Data extracted from a collection ->
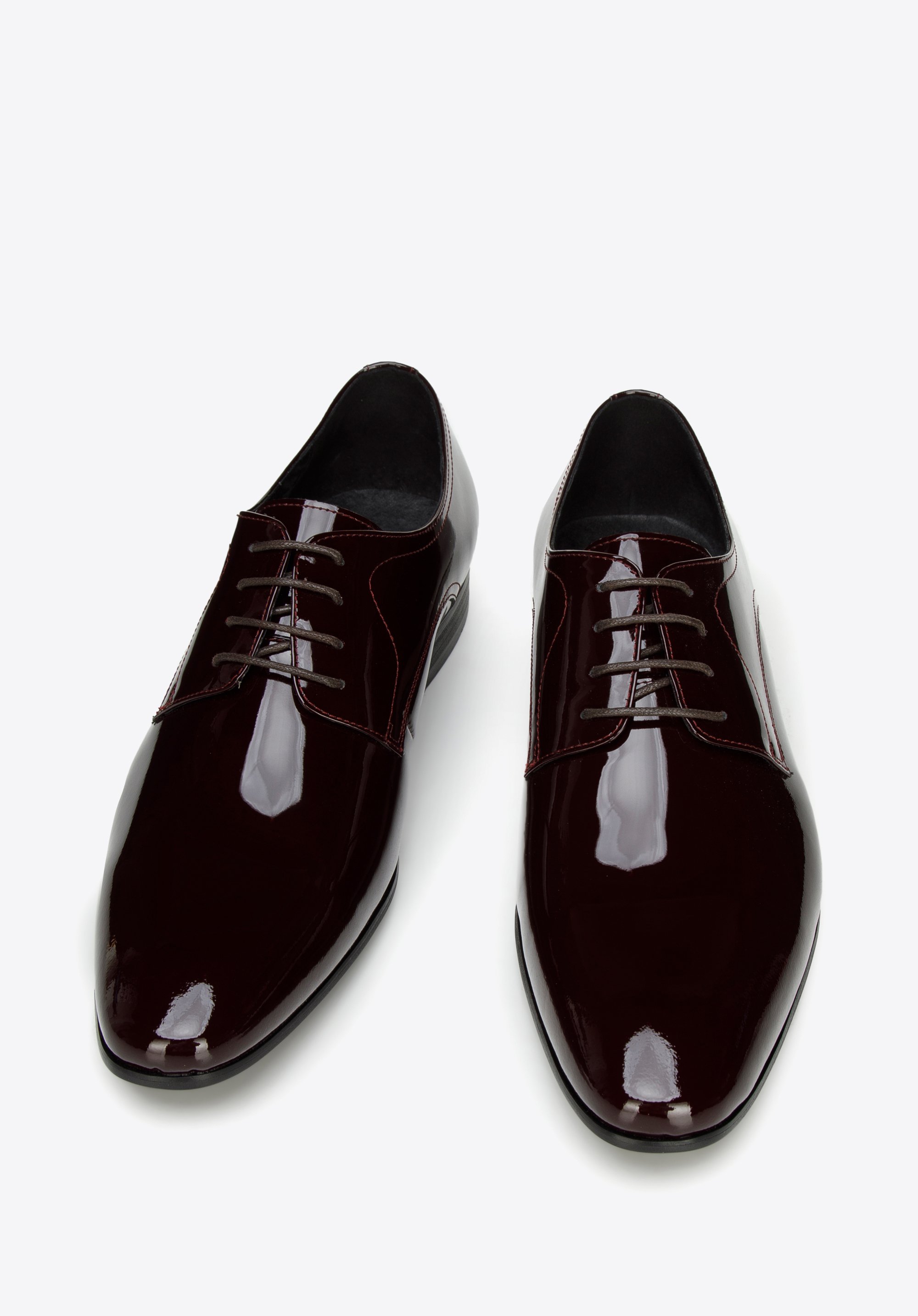 lekko wydłużony, migdałowy nosek i prosty fason, który wysmukla stopę. Dzięki skórzanej wkładce i miękkiej wyściółce komfortowo przechodzisz i przetańczysz w nich wiele godzin. Męskie buty derby z lakierowanej skóry będą świetnie wyglądały z garniturem, który założysz na wesele znajomych lub spotkanie biznesowe. Ten ponadczasowy model zawsze będzie na czasie.
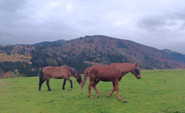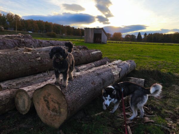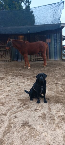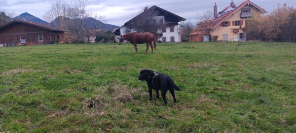 Heute war wieder Dani mit ihrem Rüden Camino im Stall. Obwohl sie sehr früh dran waren, warteten Wallace und Gowinda schon auf dem Paddock und begrüßten die beiden fröhlich wiehernd. Nach dem Frühstück, dem Striegeln und dem Hufe ausputzen, durften die beiden gleich wieder auf die Weide. Dani und Camino begleiteten sie und verbrachten noch Zeit mit ihnen. 🙂
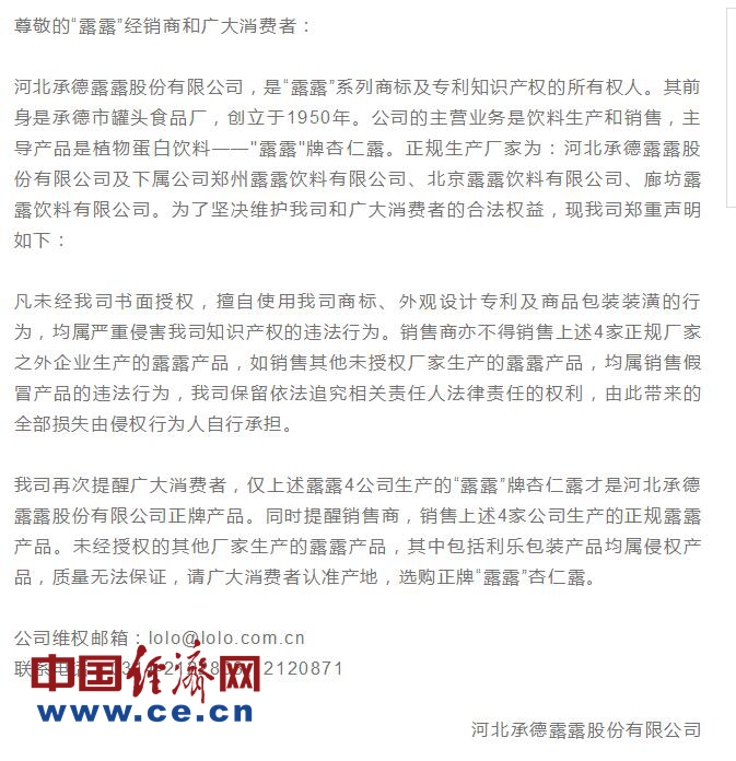 露露公司在声明中指出,河北承德露露股份有限公司,是“露露”系列商标及专利知识产权的所有权人。其前身是承德市罐头食品厂,创立于1950年。公司的主营业务是饮料生产和销售,主导产品是植物蛋白饮料——“露露”牌杏仁露。
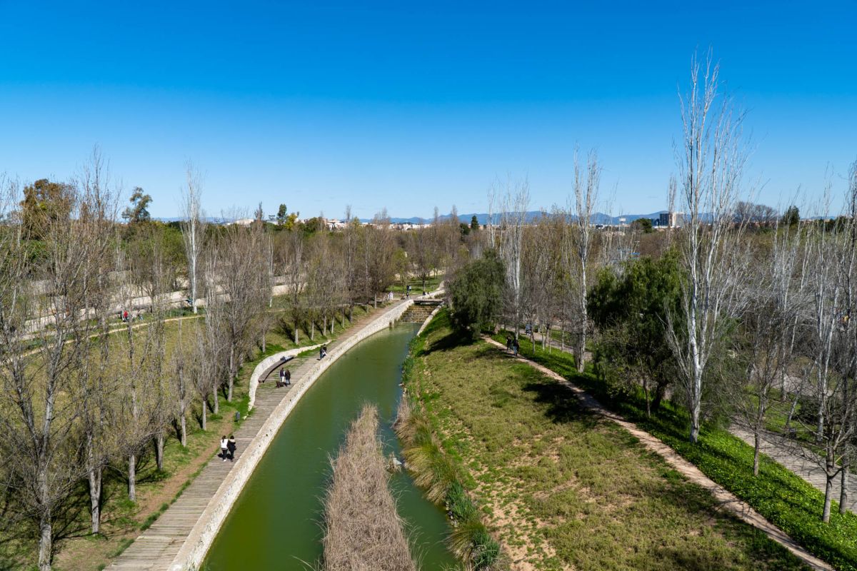 Парк занимает более километра территории бывшего русла реки Турия, в районе между окраиной города и окрестностями. Идея парка заключалась в том, чтобы превратить это пространство в прибрежный лес, типичный для окрестностей средиземноморских рек, сочетающий в себе растительность, рельеф и воду. Эта стратегия помогла разрешить переход между жесткими насыпями реки Турия, построенными в 18 веке для защиты города от внезапных наводнений, и естественным руслом реки вверх по течению. Вода, растительность, рельеф и сухие каменные стены — структурные особенности, на которых основана концепция парка.
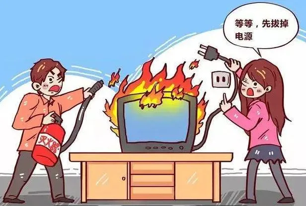 电器或线路着火时:要先切断电源,再用干粉或气体灭火器灭火,不可直接泼水灭火,以防触电或电器爆炸伤人。
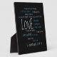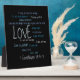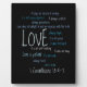 Cette belle plaque comporte des lignes de 1 Corinthiens 13:4 "L'amour est patient, l'amour est gentil..." placé au hasard sur la plaque.
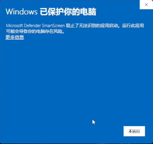 双击运行刚才下载的安装程序,可能会出现Windows defender的提示,直接点击更多信息,展开之后选择仍要运行即可。
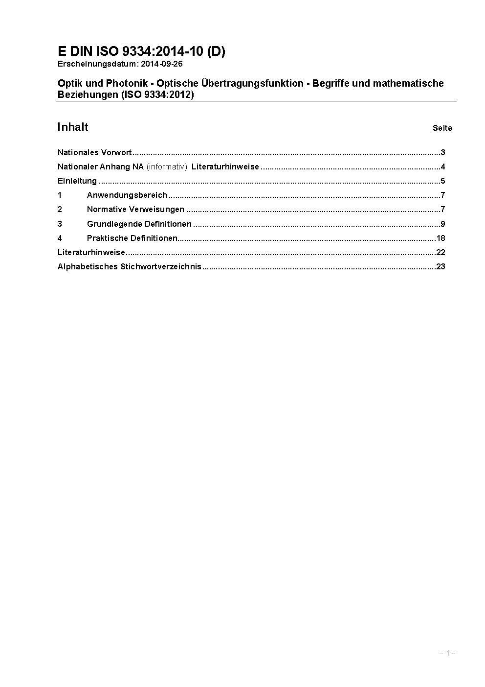 Optics and photonics - Optical transfer function - Definitions and mathematical relationships (ISO 9334:2012)
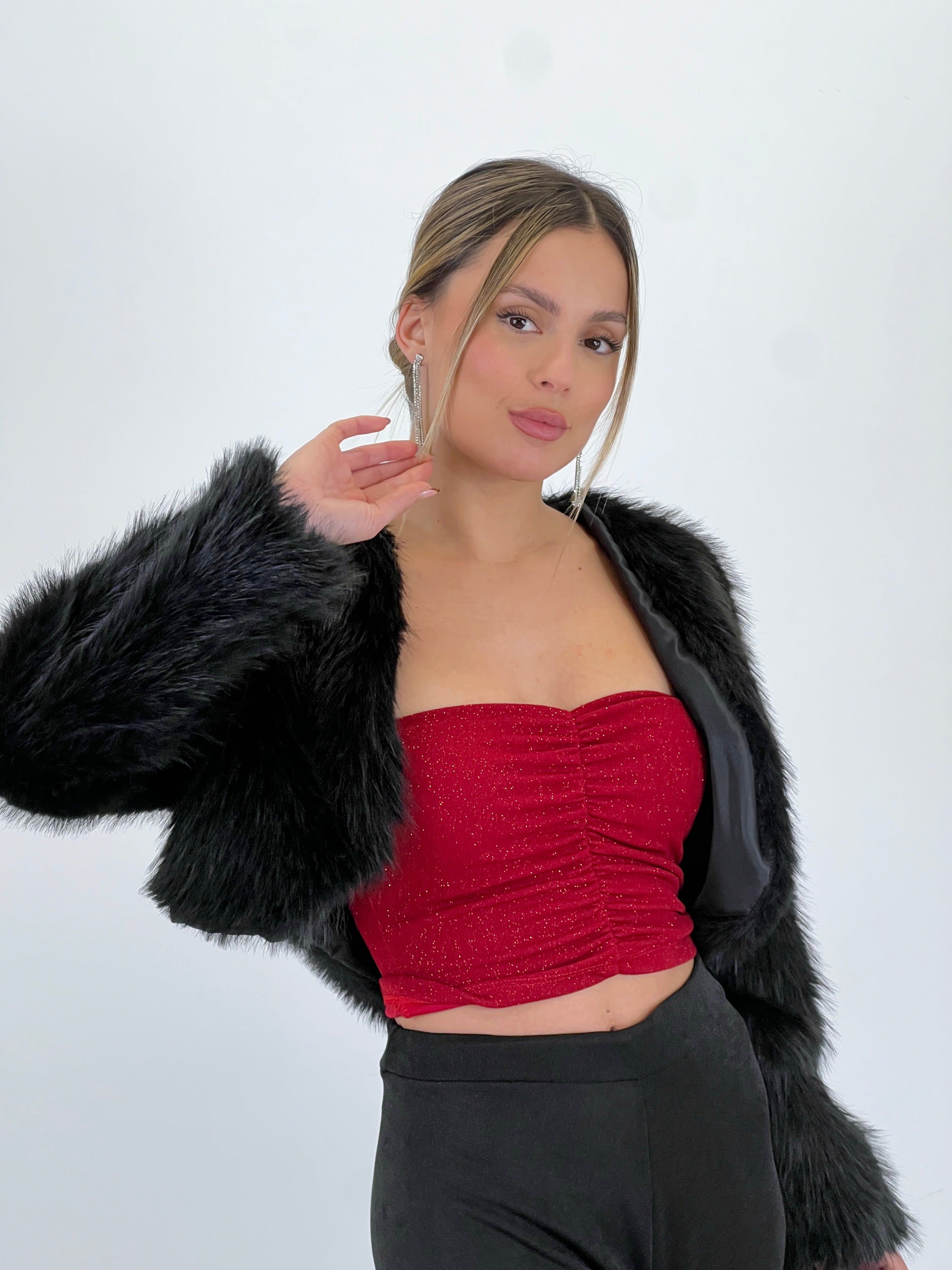 Top banda lurex fruncido con efecto brillante
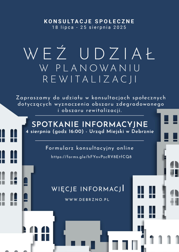 Zachęcamy Państwa do wzięcia udziału w konsultacjach społecznych projektu Uchwały Rady Miejskiej w Debrznie w sprawie wyznaczenia obszaru zdegradowanego i obszaru rewitalizacji. Uwagi do projektu uchwały można zgłaszać w formie elektronicznej (formularz elektroniczny) lub za pomocą formularza tradycyjnego. W trakcie trwania konsultacji zaplanowano również spotkanie informacyjne dla mieszkańców. Wszystkie informacje i szczegółowy tryb konsultacji się określa poniższe zarządzenie wraz z załącznikami.
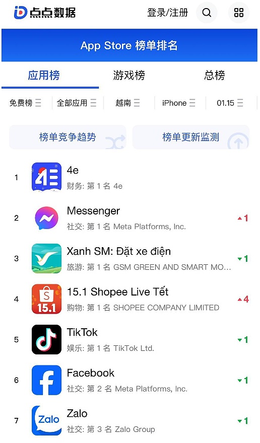近日,知名数据公司“点点数据”平台最新显示,4e Exachage APP 在越南App Store下载榜排名第一。

EXERCISE AIM ->
From the first line to the last, restate the entries exactly, without pictures.

EXPECTED ANSWER ->
 lekko wydłużony, migdałowy nosek i prosty fason, który wysmukla stopę. Dzięki skórzanej wkładce i miękkiej wyściółce komfortowo przechodzisz i przetańczysz w nich wiele godzin. Męskie buty derby z lakierowanej skóry będą świetnie wyglądały z garniturem, który założysz na wesele znajomych lub spotkanie biznesowe. Ten ponadczasowy model zawsze będzie na czasie.
 Heute war wieder Dani mit ihrem Rüden Camino im Stall. Obwohl sie sehr früh dran waren, warteten Wallace und Gowinda schon auf dem Paddock und begrüßten die beiden fröhlich wiehernd. Nach dem Frühstück, dem Striegeln und dem Hufe ausputzen, durften die beiden gleich wieder auf die Weide. Dani und Camino begleiteten sie und verbrachten noch Zeit mit ihnen. 🙂
 露露公司在声明中指出,河北承德露露股份有限公司,是“露露”系列商标及专利知识产权的所有权人。其前身是承德市罐头食品厂,创立于1950年。公司的主营业务是饮料生产和销售,主导产品是植物蛋白饮料——“露露”牌杏仁露。
 Парк занимает более километра территории бывшего русла реки Турия, в районе между окраиной города и окрестностями. Идея парка заключалась в том, чтобы превратить это пространство в прибрежный лес, типичный для окрестностей средиземноморских рек, сочетающий в себе растительность, рельеф и воду. Эта стратегия помогла разрешить переход между жесткими насыпями реки Турия, построенными в 18 веке для защиты города от внезапных наводнений, и естественным руслом реки вверх по течению. Вода, растительность, рельеф и сухие каменные стены — структурные особенности, на которых основана концепция парка.
 电器或线路着火时:要先切断电源,再用干粉或气体灭火器灭火,不可直接泼水灭火,以防触电或电器爆炸伤人。
 Cette belle plaque comporte des lignes de 1 Corinthiens 13:4 "L'amour est patient, l'amour est gentil..." placé au hasard sur la plaque.
 双击运行刚才下载的安装程序,可能会出现Windows defender的提示,直接点击更多信息,展开之后选择仍要运行即可。
 Optics and photonics - Optical transfer function - Definitions and mathematical relationships (ISO 9334:2012)
 Top banda lurex fruncido con efecto brillante
 Zachęcamy Państwa do wzięcia udziału w konsultacjach społecznych projektu Uchwały Rady Miejskiej w Debrznie w sprawie wyznaczenia obszaru zdegradowanego i obszaru rewitalizacji. Uwagi do projektu uchwały można zgłaszać w formie elektronicznej (formularz elektroniczny) lub za pomocą formularza tradycyjnego. W trakcie trwania konsultacji zaplanowano również spotkanie informacyjne dla mieszkańców. Wszystkie informacje i szczegółowy tryb konsultacji się określa poniższe zarządzenie wraz z załącznikami.
近日,知名数据公司“点点数据”平台最新显示,4e Exachage APP 在越南App Store下载榜排名第一。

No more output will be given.